Такая у-становленность термина сродни хайдеггеровскому «у-словленью вещи» [7, с. 309]: эта у-ставность отнюдь не «условна» – а у-Словна! Терминосфера, согласно этой логике, оказывается изоморфна логосным вершинам: «Раз Терм поставлен уставно, то не было той силы в мире, которая могла бы его переместить. Он должен был на веки вечные пребывать на том же самом месте. Этот принцип религии выразился в Риме таким сказанием: сам Юпитер, когда он пожелал занять место на капитолийском холме, под храм себе, не мог удалить оттуда бога Терма. Это старое предание показывает, насколько священною была собственность: недвижимый Терм не означает ничего иного, как нерушимое право собственности… Терм охранял границу и бодрствовал над нею» [5, с. 220–221]; «Чтобы завладеть полем какой-либо семьи, надо было опрокинуть или переместить межевой столб: между тем, этот столб и был богом-охранителем. Такое святотатство было ужасно, и кара за него – сурова» [5, с. 221].

«Афинский закон… ”Не переходи границы“, - отмечает Флоренский, - Платон, по-видимому, восполняет.., когда говорит: «…никто да не дерзает сдвинуть маленький камень, который отделяет дружбу от вражды, камень, который с клятвою обязались оставить на месте» [5, с. 221]. Итожа свою мысль, отец Павел говорит, что «именно домашняя религия научила человека сделать землю собственностью и обеспечила ему право над нею. Термин возникает первоначально как страж порога… Термин первично есть хранитель границы культуры: он даёт жизни расчленённость и строение, устанавливает незыблемость основных сочленений жизни и, не допуская всеобщего смешения, тем самым, стесняя жизнь, её освобождает к дальнейшему творчеству. Термин не пускает жизни течь по пути легчайшему, и потому препятствует рассеиваться её деятельности в бесплодном умножении количества, при низком уровне качества, но, напротив, подымет её уровень, увеличивает её потенциал и ведёт жизнь к совершенным достижениям, в формах сгущённых и проработанных. И сам он, будучи пределом данной области культуры, принадлежит к этой культуре, выражусь математически: есть её предельное значение. Он, давая толчок к возникновению известной культуры, вместе с тем есть и цель, к которой культура стремится…» [5, с. 221–222].
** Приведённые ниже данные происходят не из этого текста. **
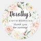 Des roses douces et des bourgeons roses et roses forment une couronne fleurie magnifiquement rustique. Le nom de la femme d'anniversaire est écrit en gros caractères. 90e anniversaire et le sentiment de remerciement vous suivent. Cet autocollant d'anniversaire fait partie de la collection 100th Birthday Rose Rose Floral. Il contient de nombreux modèles do-it-yourself qui vous permettent de créer rapidement des invitations et des fournitures de fête. Vous devriez voir un lien vers la collection sur cette page. Si vous ne voyez pas le lien ou si vous avez besoin d'aide avec un article, veuillez me contacter.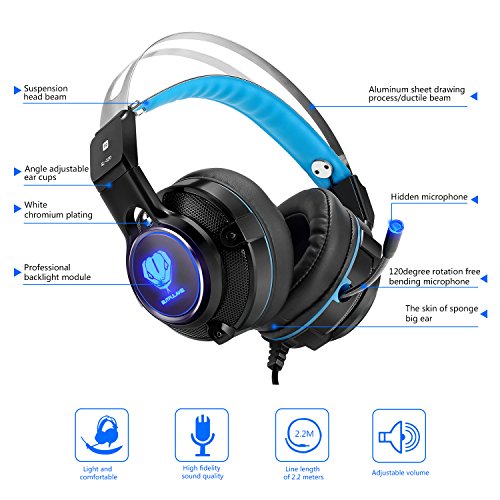 Elekele Gaming Headset con microfono per nuova Xbox One, PS4, interruttore Nintendo, effetto di riduzione delle emissioni di rumore, Alto e basso - 3.5mm Surround Stereo USB Headset per USB per Iphone, Ipad, PC, Laptop (Rosso) (Blu)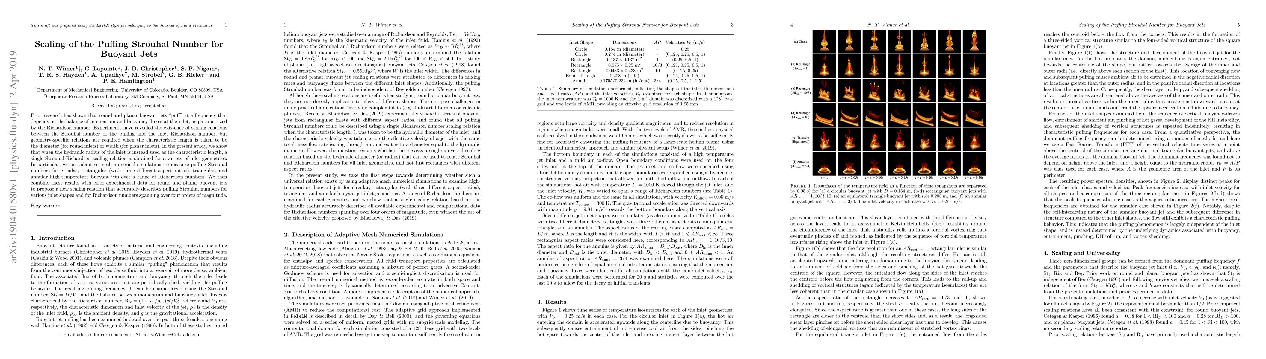 Prior research has shown that round and planar buoyant jets "puff" at a frequency that depends on the balance of momentum and buoyancy fluxes at the inlet, as parametrized by the Richardson number. Experiments have revealed the existence of scaling relations between the Strouhal number of the puffing and the inlet Richardson number, but geometry-specific relations are required when the characteristic length is taken to be the diameter (for round inlets) or width (for planar inlets). In the present study, we show that when the hydraulic radius of the inlet is instead used as the characteristic length, a single Strouhal-Richardson scaling relation is obtained for a variety of inlet geometries. In particular, we use adaptive mesh numerical simulations to measure puffing Strouhal numbers for circular, rectangular (with three different aspect ratios), triangular, and annular high-temperature buoyant jets over a range of Richardson numbers. We then combine these results with prior experimental data for round and planar buoyant jets to propose a new scaling relation that accurately describes puffing Strouhal numbers for various inlet shapes and for Richardson numbers spanning over four orders of magnitude.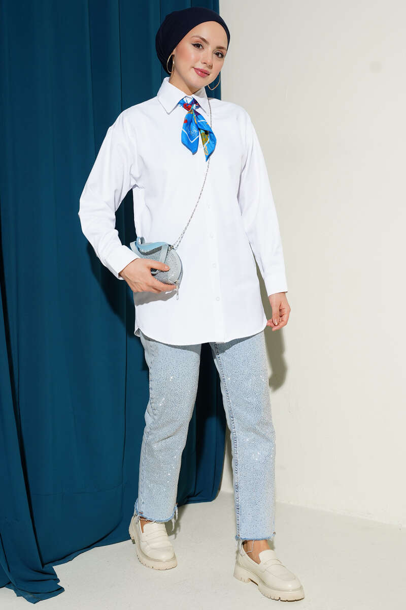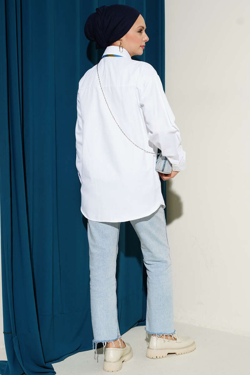 Beli Tünelli Salaş Kısa Gömlek Ekru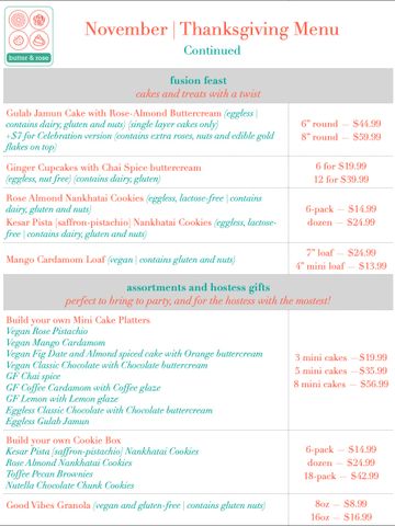 Select menu items will be available for pickup the weekend of November 15-16 if ordered right away. The remaining menu will be available through Thanksgiving Day.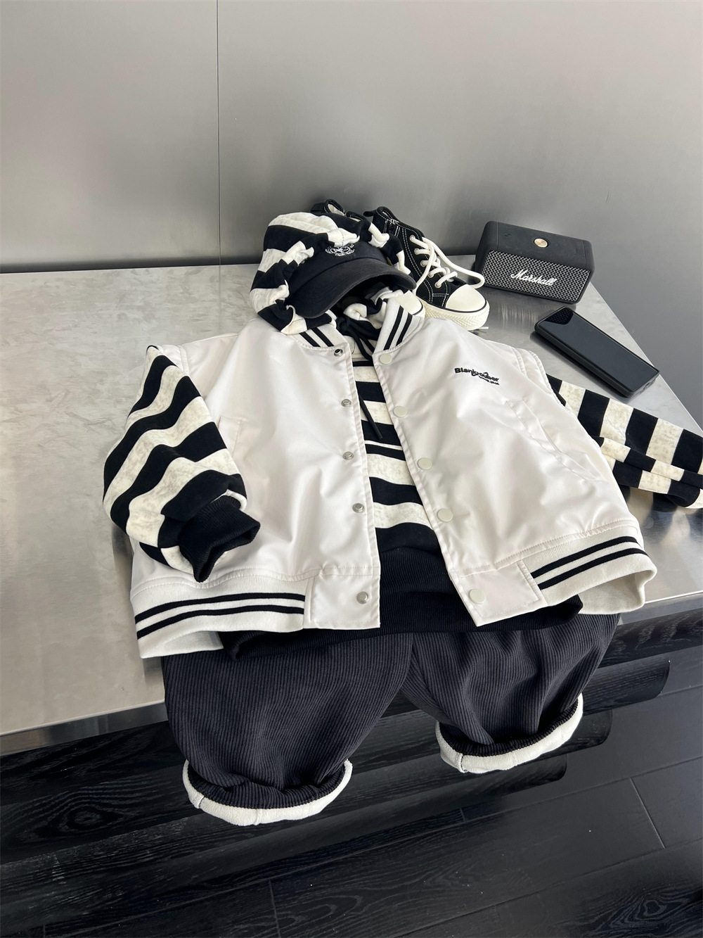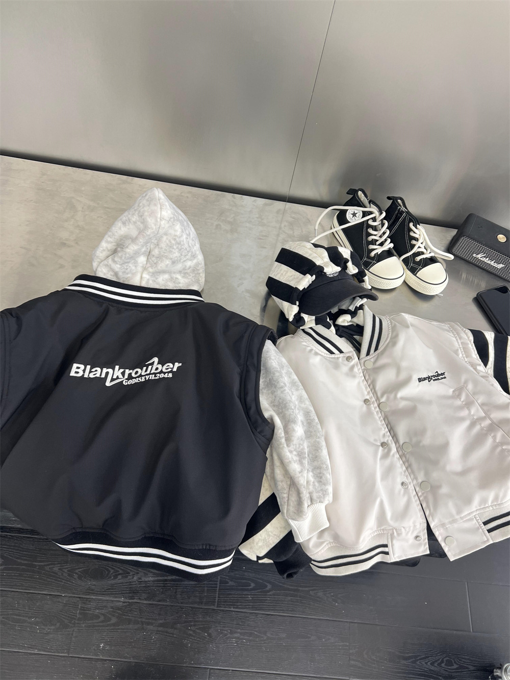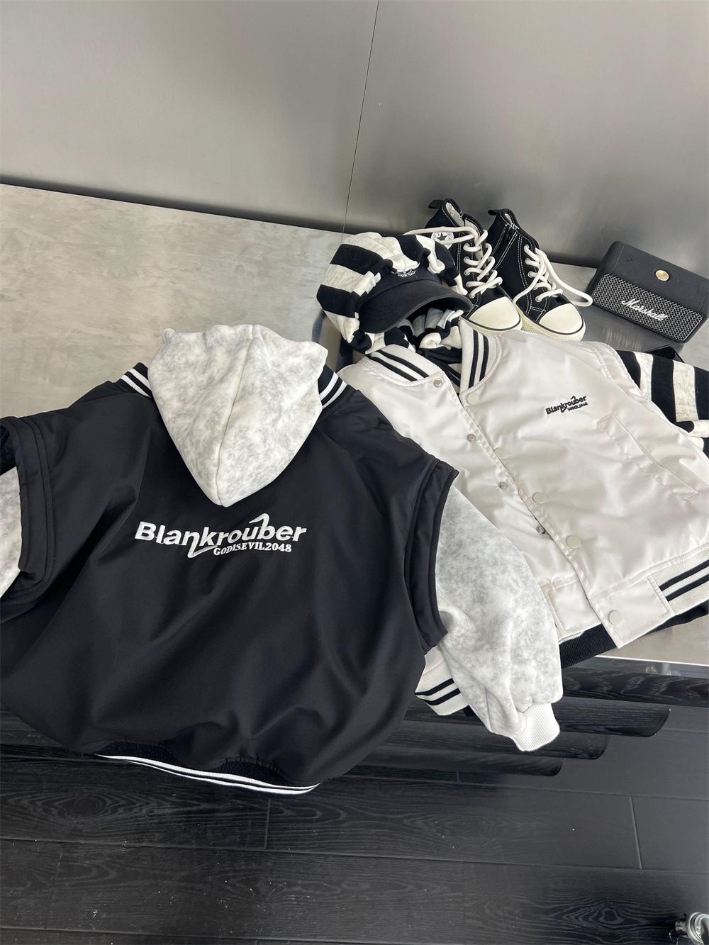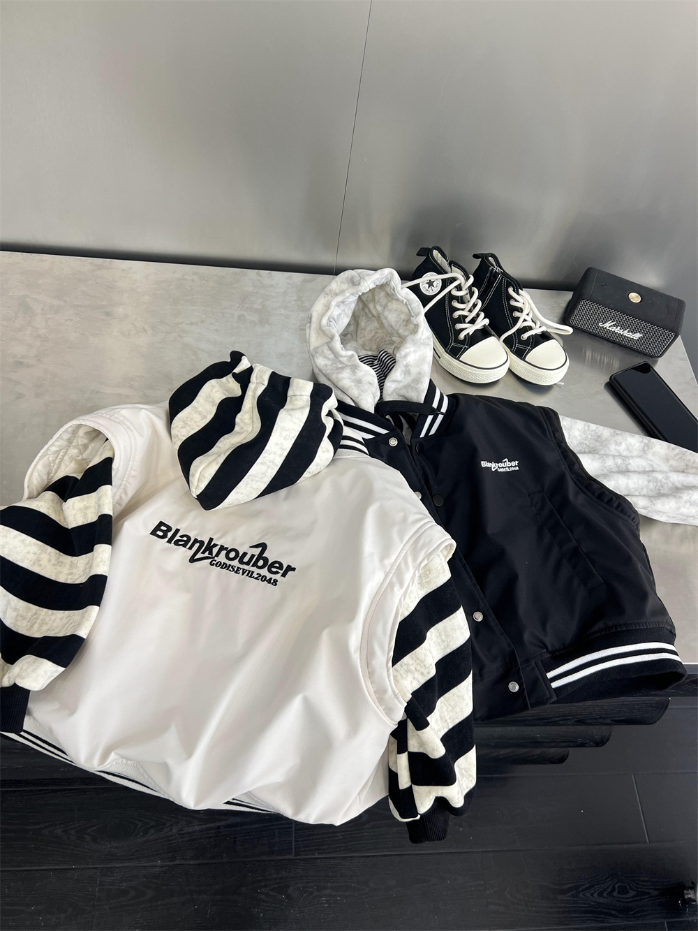 垮肩版型,里面搭连帽卫衣很好看

Следовательно, «термин есть душа культурного участка земли со всем его содержимым и, как душа, не только облекает своё тело, будучи пределом его периферии, но и живёт в самой сокровенной глубине его…» [5, с. 222].

Важнейшим моментом оказывается именно дофилософский генезис термина, память о чём сохраняет история интеллектуальной культуры: «В философию слово terminus или равносильные ему Ὅρος и ơρɩσμơς попадают именно из религии, и притом с сохранением первоначального смысла. ”Определение (по-греческми) называется ơρɩσμơς от метафоры с земельными границами, - удостоверяет св. Иоанн Дамаскин. – Как граница отделяет собственность каждого человека от собственности другого, так и определение отделяет природу каждой вещи от природы другой“» [5, с. 222].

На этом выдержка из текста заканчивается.